---- SUPPLIED INFORMATION
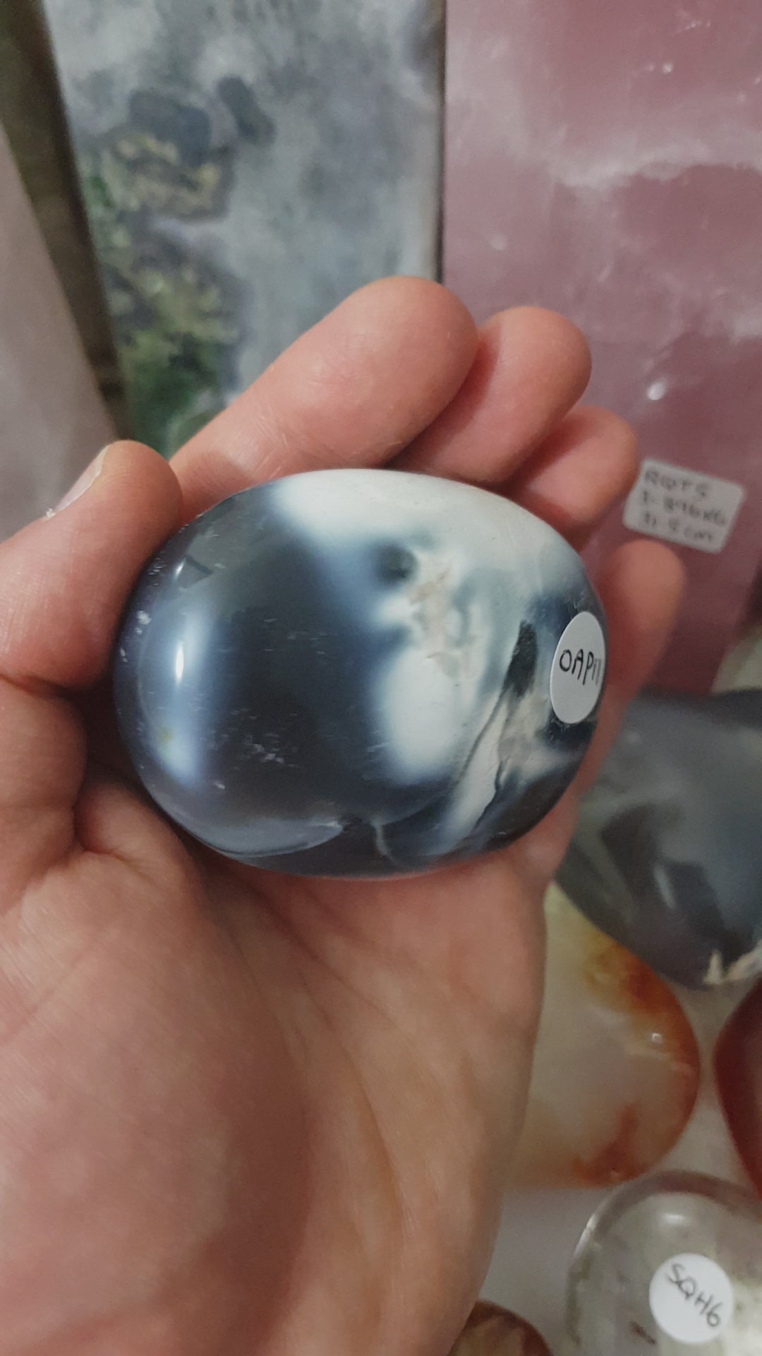 Orca Agate Crystal Palmstone – OAP11
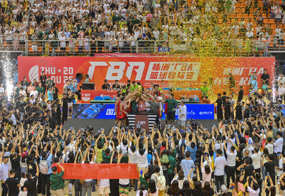 2025年7月27日晚,株洲市体育中心,数万观众见证2025“厂BA”巅峰对决。今年,自“厂BA”开赛以来,累计吸引观众540万人次。郭立亮 摄
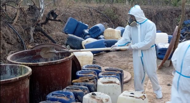 Elementos de la Guardia Nacional (GN) lograron el aseguramiento de dos áreas de concentración de materiales diversos para la elaboración de metanfetaminas en Sinaloa.
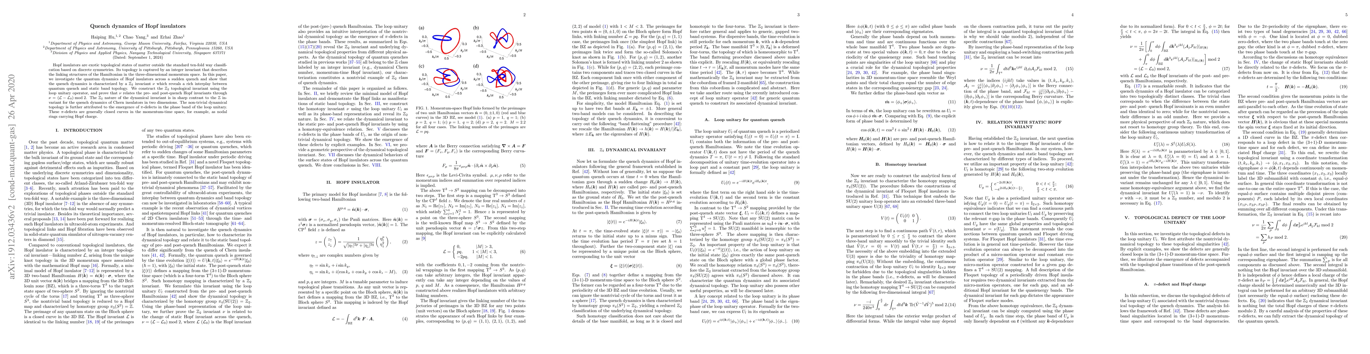 This paper explores the quantum dynamics of Hopf insulators following a sudden quench, revealing a $\mathbb{Z}_2$ invariant $\nu$ that connects pre- and post-quench Hopf invariants, contrasting with the $\mathbb{Z}$ invariant in Chern insulators. The non-trivial dynamical topology arises due to $\pi$-defects, such as nodal rings, in the phase band of the loop unitary.
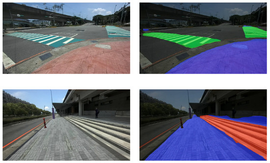 After training, the Fast-SCNN outputs a segmentation result for the image in front of the user to identify sidewalks, crosswalks, stairs, and asphalt roads in their walking path. Figure 3 shows two examples of semantic segmentation results, where the left and right parts are the original capture and its segmentation result, respectively. The green, blue, grey, and red colors represent crosswalks, sidewalks, asphalt roads, and stairs, respectively. Table 3 lists the performance of Fast-SCNN with pixel accuracy and Intersection over Union (IoU).
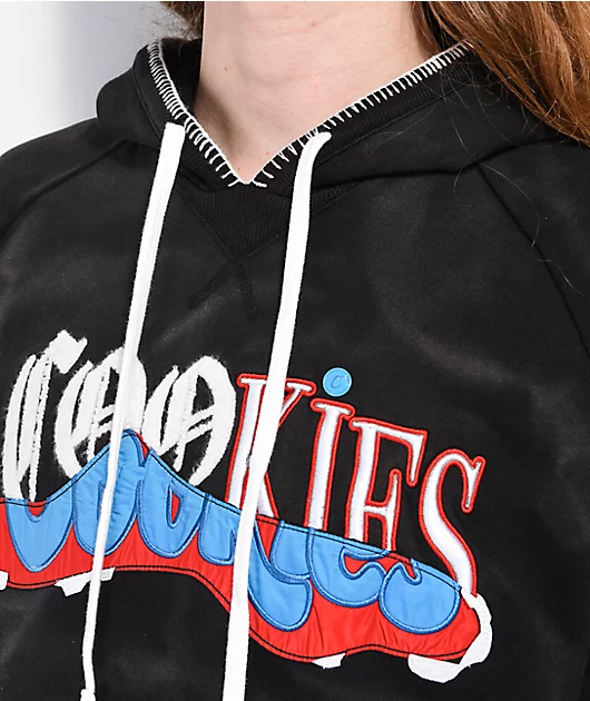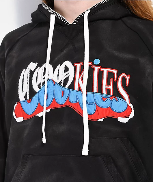 From Cookies, the Upper Echelon hoodie comes in a unique black wash, with a deconstructed motif throughout. Chenille, embroidery, and patchwork accents are complemented by contrast stitching along the hood while the kangaroo pouch pocket boasts an extra s
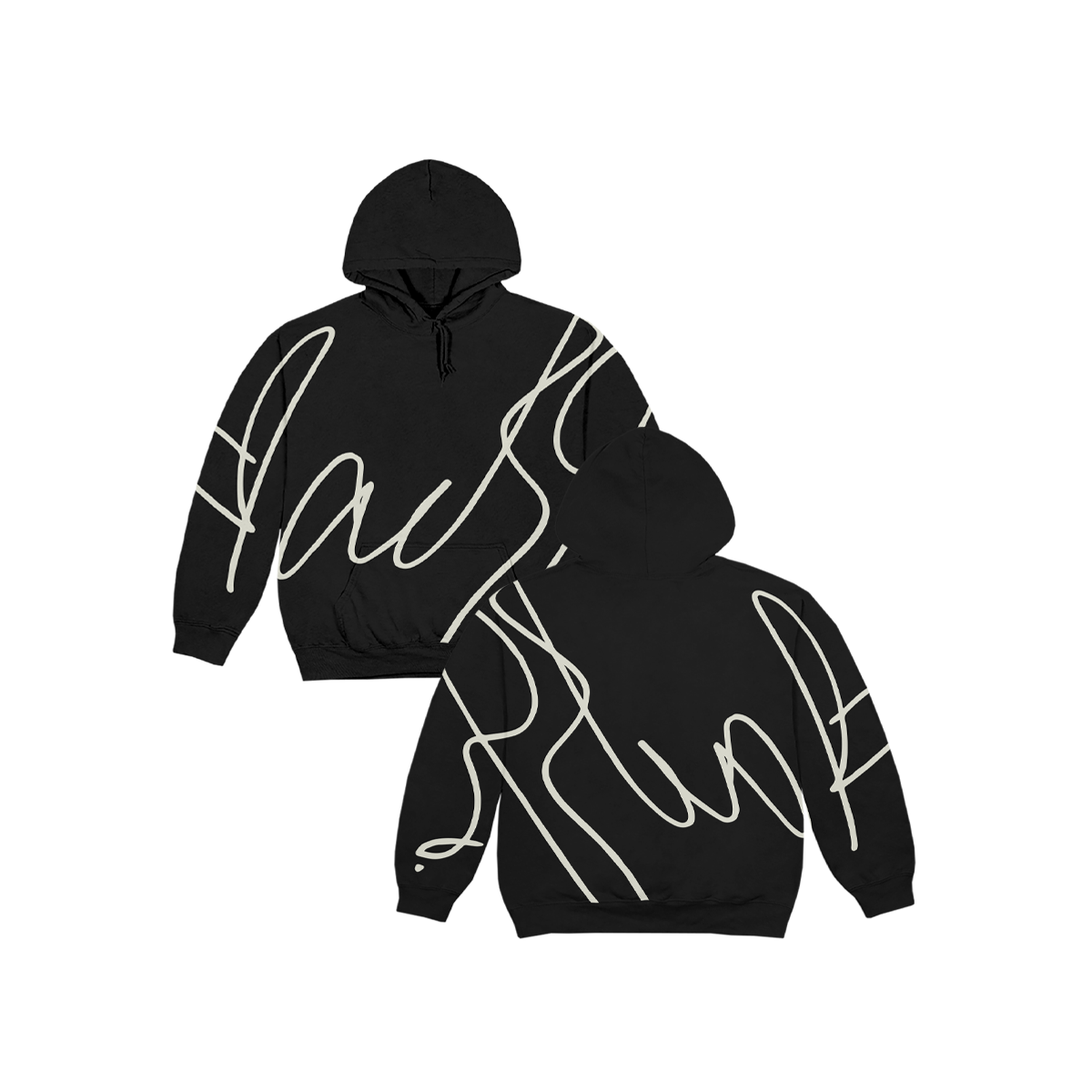 Allover Print Black Pullover Hoodie with white Adele signature.
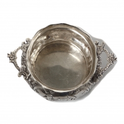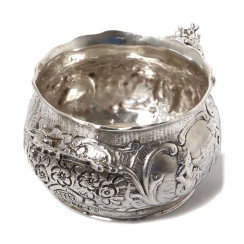 Высота по край: 4,8 см, диаметр верха: 6,5 см. Вес: 145 граммов серебра 830 пробы. ============================ Silver sugar bowl with two handles, decorated with a miniature story and a floral pattern.
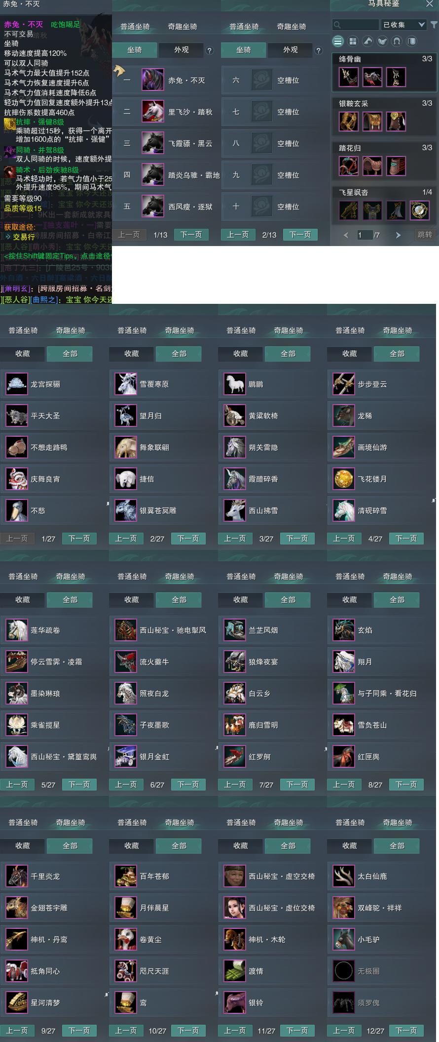 【坐骑】5个[踏炎霸地, 西风瘦逐狱, 飞霞骠黑云, 里飞沙踏秋, 赤兔不灭]
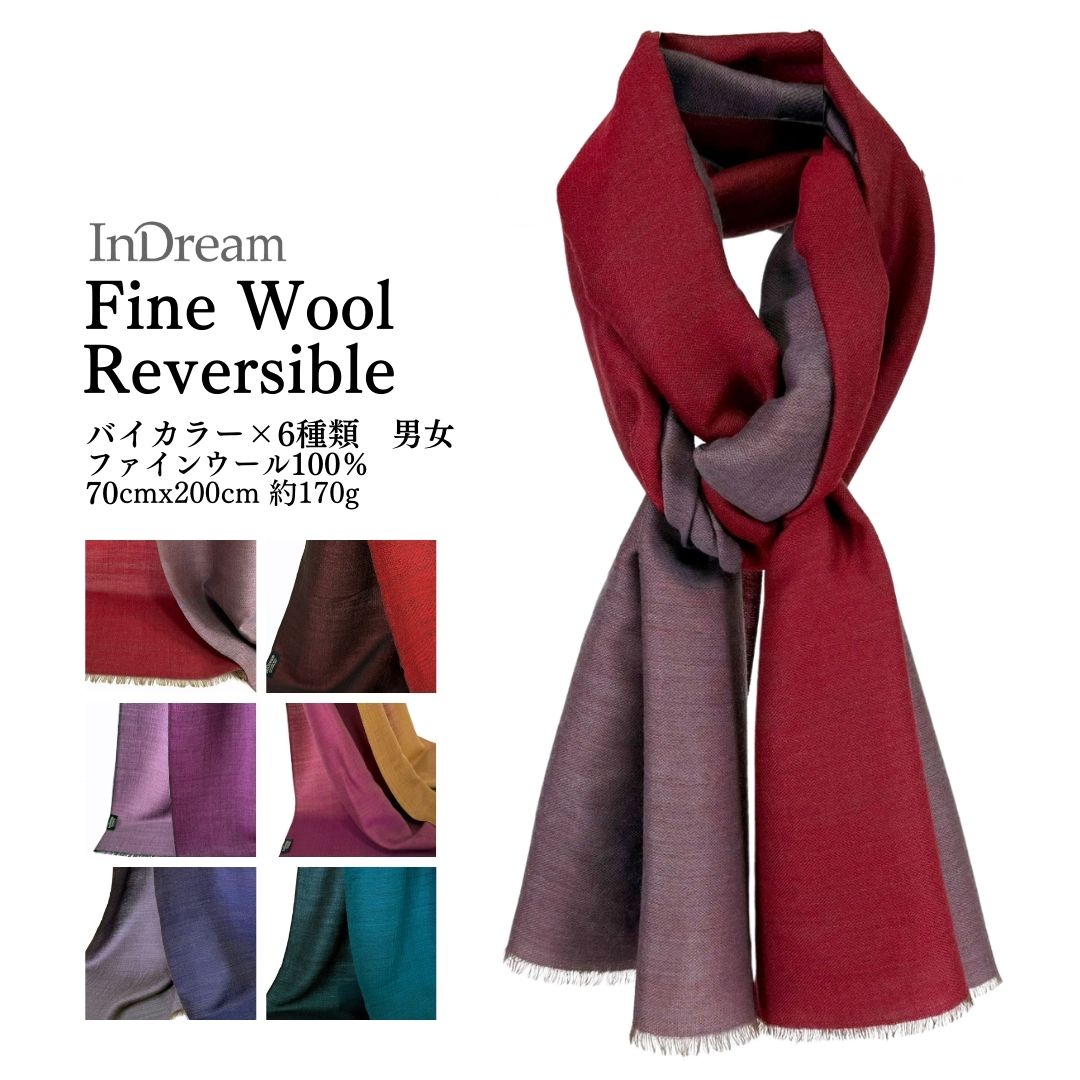 InDream NEW ファインウールリバーシブル ストール 大判 [約70cmx200cm]6パターン 無地 ニュアンスカラー ...
--------
== TASK DESCRIPTION ==
Without the pictures, give back the entries exactly.

== RESPONSE TO THIS EXERCISE ==
 Orca Agate Crystal Palmstone – OAP11
 2025年7月27日晚,株洲市体育中心,数万观众见证2025“厂BA”巅峰对决。今年,自“厂BA”开赛以来,累计吸引观众540万人次。郭立亮 摄
 Elementos de la Guardia Nacional (GN) lograron el aseguramiento de dos áreas de concentración de materiales diversos para la elaboración de metanfetaminas en Sinaloa.
 This paper explores the quantum dynamics of Hopf insulators following a sudden quench, revealing a $\mathbb{Z}_2$ invariant $\nu$ that connects pre- and post-quench Hopf invariants, contrasting with the $\mathbb{Z}$ invariant in Chern insulators. The non-trivial dynamical topology arises due to $\pi$-defects, such as nodal rings, in the phase band of the loop unitary.
 After training, the Fast-SCNN outputs a segmentation result for the image in front of the user to identify sidewalks, crosswalks, stairs, and asphalt roads in their walking path. Figure 3 shows two examples of semantic segmentation results, where the left and right parts are the original capture and its segmentation result, respectively. The green, blue, grey, and red colors represent crosswalks, sidewalks, asphalt roads, and stairs, respectively. Table 3 lists the performance of Fast-SCNN with pixel accuracy and Intersection over Union (IoU).
 From Cookies, the Upper Echelon hoodie comes in a unique black wash, with a deconstructed motif throughout. Chenille, embroidery, and patchwork accents are complemented by contrast stitching along the hood while the kangaroo pouch pocket boasts an extra s
 Allover Print Black Pullover Hoodie with white Adele signature.
 Высота по край: 4,8 см, диаметр верха: 6,5 см. Вес: 145 граммов серебра 830 пробы. ============================ Silver sugar bowl with two handles, decorated with a miniature story and a floral pattern.
 【坐骑】5个[踏炎霸地, 西风瘦逐狱, 飞霞骠黑云, 里飞沙踏秋, 赤兔不灭]
 InDream NEW ファインウールリバーシブル ストール 大判 [約70cmx200cm]6パターン 無地 ニュアンスカラー ...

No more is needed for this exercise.